Deteriorating Humanitarian Situation Engulfs Syria


With growing influx of civilians fleeing from conflict, humanitarian situation in Syria continues to deteriorate.

Reports say up to 1.5 million Syrians are in need of assistance.

The UN Office for the Coordination of Humanitarian Affairs (OCHA) reports that civilians attempting to flee from fighting need urgent assistance and protection.

“Local resources are stretched and there is restricted access to basic services in areas affected by fighting.” -OCHA

OCHA reports that aid agencies continue to face significant access constraints to reaching people in need.

Major General Robert Mood, Head of the UN Supervision Mission in Syria (UNSMIS), speaks at a joint press conference with Kofi Annan, the joint UNArab League special envoy for the country, in Geneva, Switzerland.UN Photo/Jean-Marc Ferre

OCHA says visits by UN relief agencies to Homs and Idlib over the past two weeks have found that increasing numbers of people are leaving their homes and communities’ vulnerability is growing.

In the Idlib Governorate where fighting continues, the Syrian Arab Red Crescent (SARC) reports that 350,000 people now need assistance.

OCHA states there is increase of 150,000 people since the Government-led assessment of the humanitarian situation at the end of March.

Communities in the city of Homs have suffered increased violence in the past two weeks, OCHA noted.

In addition, the UN Children’s Fund (UNICEF) said that it needs additional funds of around $14 million for its response to the crisis in Syria. Along with its partners, UNICEF is providing assistance to Syrian children in need in areas such as health, nutrition, education and child protection.

UN estimates that there are over 1 million Syrians inside Syria in urgent need of humanitarian assistance. Of that number, it’s an estimated 300,000 internally displaced.

There are over 66,000 refugees in neighboring countries and there are existing refugees, Palestinian refugees, totaling about 500,000 inside Syria as well as a hundred thousand Iraqi refugees inside Syria.

In terms of funding, the United States has dedicated some $33 million to support the important work to assist and protect those in need in Syria and neighboring countries, and much more is on the way.

US pproach is to work through international and nongovernmental organizations.

The United States commends the brave and dedicated work that the humanitarian organizations on the ground in Syria and in the neighboring countries are carrying out, including the Syrian Arab Red Crescent, the International Committee of the Red Cross, the United Nations High Commissioner for Refugees, the United Nations Relief and Works Agency for Palestine Refugees in the Near East, and the World Food Program, and many international nongovernmental organizations.

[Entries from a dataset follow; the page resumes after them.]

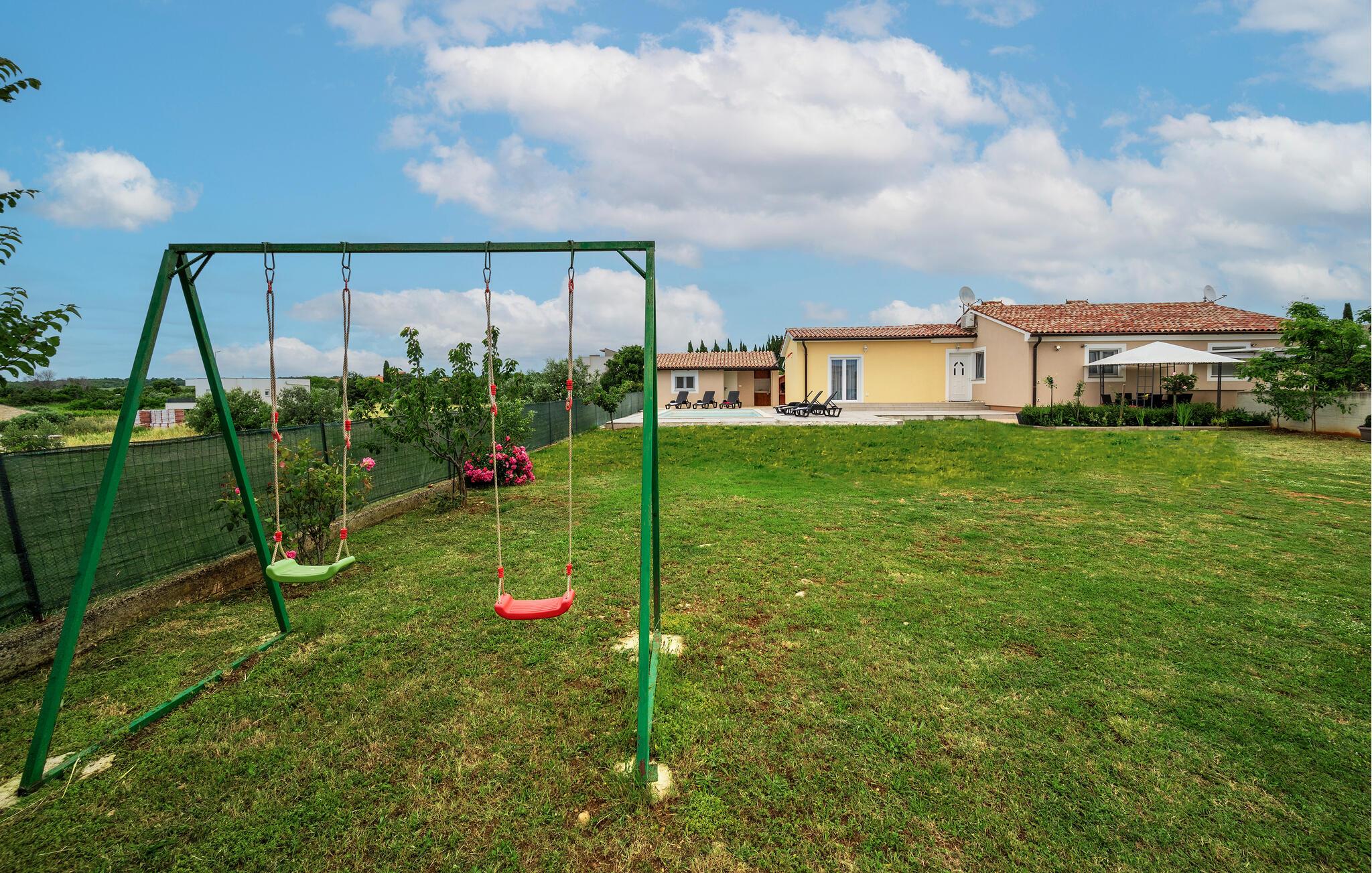Der große Garten bietet viel Platz zum Spielen und draußen sein. Während Sie auf einer der Terrassen entspannen, können die Kinder und das Haustier im Garten spielen und die Schaukel, das Trampolin und die Fußballtore nutzen. Lassen Sie den Tag mit einem Abendessen vom Grill ausklingen.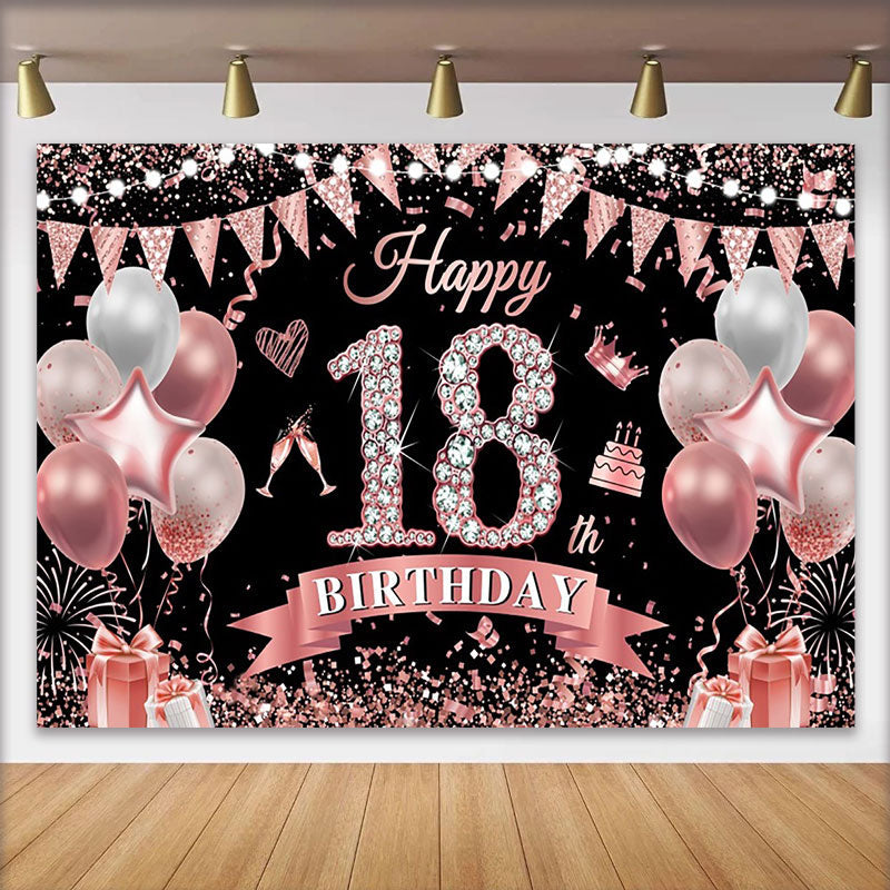 Lofaris Fond 18 ans Or Rose Chiffres Diamant et Ballons Roses Anniversaire
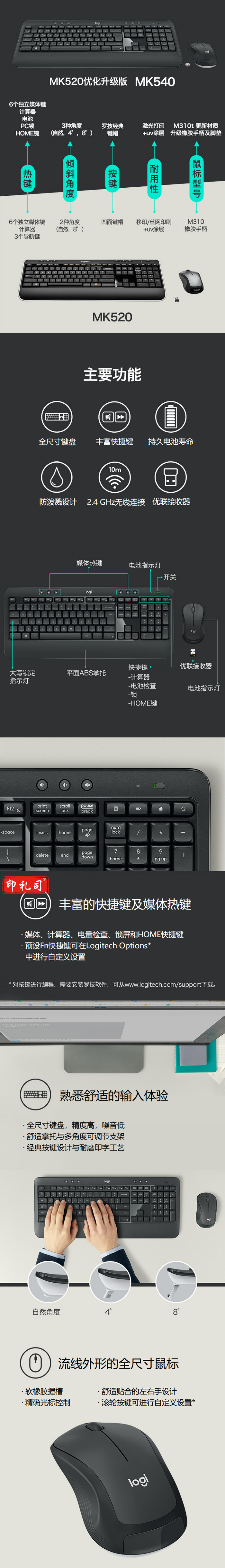 罗技(Logitech) MK540 键鼠套装 无线键盘鼠标套装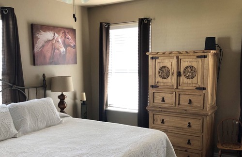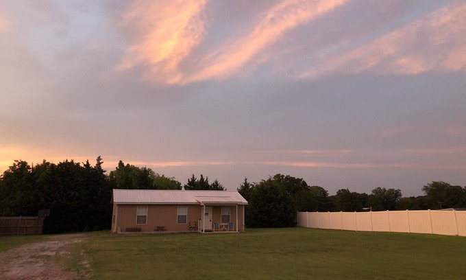 Rustic Retreat is a guest house located on our 10 acre ranch. We decided to make it a vacation home in hopes that it will bless as many families/couples/individuals as possible. It is only 3 years old and has modern and rustic furnishings. You will find it to be private and peaceful and to have a "warm and inviting country" feel. Enjoy watching the birds while sipping your coffee and reading a book on the covered front porch. Or sit out under the starts on the large backyard deck while grilling and basking by the firepit. We are only five minutes form the small, quaint town of Meeker. There you will find a few restaurants, like The Shed (seen on Discover Oklahoma) with fresh ingredients and gorgeous décor. Located next door is The Meeker Trading Company, a beautiful collection of antiques and new items to shop for and purchase. The two businesses are owned by the same friendly couple. Across the street, you will find Ma and Pa's Creamery where they serve some yummy, homemade ice cream and treats. If you feel like exploring a little further, you can do so in any direction you wish. Either way you turn, you will find small, quaint towns with their own character and specials. If you are looking for more, head south to the city of Shawnee, where they have most everything you could you possibly need. There are often fun events and festivities held at the Heart of Oklahoma Exposition Center in Shawnee, in which we are only 17 miles away from. Shawnee boasts several restaurants and shopping experiences, as well as museums, and a community pool with a few water slides. With highways and turnpikes, as well as the famous Route 66 only 12-15 minutes away, you can go wherever your heart desires. If you want to take more of a day trip or half a day trip, head an hour west to Oklahoma City. Downtown OKC has so many restaurants to offer, several museums and lot of activities to do. If you are interested in water activities, OKC has a water park, called White Water Bay or if you are looking for some inside activities like arcades and move theaters, they have several. OKC has a wonderful zoo with lots of exotic animals and shows. If you feel up to it, you can brave the theme park, Frontier City, where you can ride lots of roller coasters and see their fabulous shows. (Check the locations for times and dates open). There is so much to do in OKC, you will not be bored.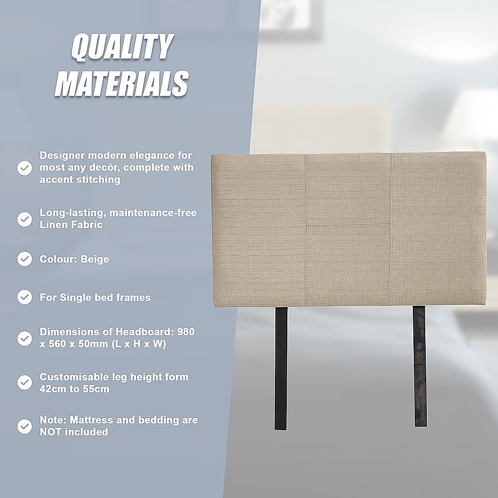 This headboard for standard Single-sized bed frames is created with quality materials, including easy-to-maintain Linen Fabric that will maintain its sophisticated look for many years to come. This particular model comes with elegant stitching accents that provide just the right level of understated pop. A neutral beige will blend seamlessly with a wide variety of bed frames and other bedroom furniture.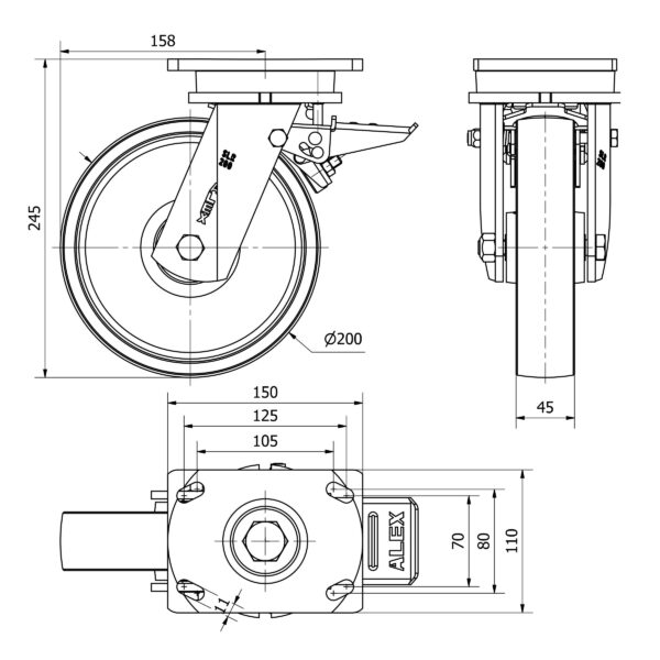 Rueda acero giratoria con freno Alex diametro 200 mm. modelo 2-3700

The ngoing conflict in Syria has created a severe and growing humanitarian crisis, and the humanitarian organizations currently operating in Syria are tirelessly working to get aid out as quickly as possible into areas where safety and security are questionable.

Aid workers in Syria are putting their lives in jeopardy every day to get this relief to vulnerable children, women, and men caught in this crisis.

To help meet the growing needs, the United States is providing food, clean water, basic healthcare, medical and other emergency relief supplies to benefit more than 400,000 people in Syria and neighboring countries so far.

One of US largest emergency partners right now is the World Food Program, which has been helping to reach a hundred thousand people per month in some of the most conflict-affected cities and zones since this conflict began.

World Food Program, WFP, is being distributed in coordination with the Syrian Arab Red Crescent. So far, they’ve reached 11 of the 14 provinces in Syria, Ms. Capozzola cited.

With support from the United States and other donors, WFP has expanded its emergency food assistance to reach now 250,000 conflict-affected Syrians.

US assistance is through international and non-governmental humanitarian partners which include:

  • $10.5 million to the World Food Program (WFP);
  • $8.5 million to the United Nations High Commissioner for Refugees (UNHCR);
  • $7.8 million to non-governmental organizations (NGOs);
  • $3 million to the United Nations Relief and Works Agency for Palestine Refugees in the Near East (UNRWA); and
  • $3 million to the International Committee of the Red Cross (ICRC).

    The violence in Syria, which began in March 2011 as a protest movement similar to those witnessed across the Middle East and North Africa, has claimed over 10,000 lives, mostly civilians, and displaced tens of thousands.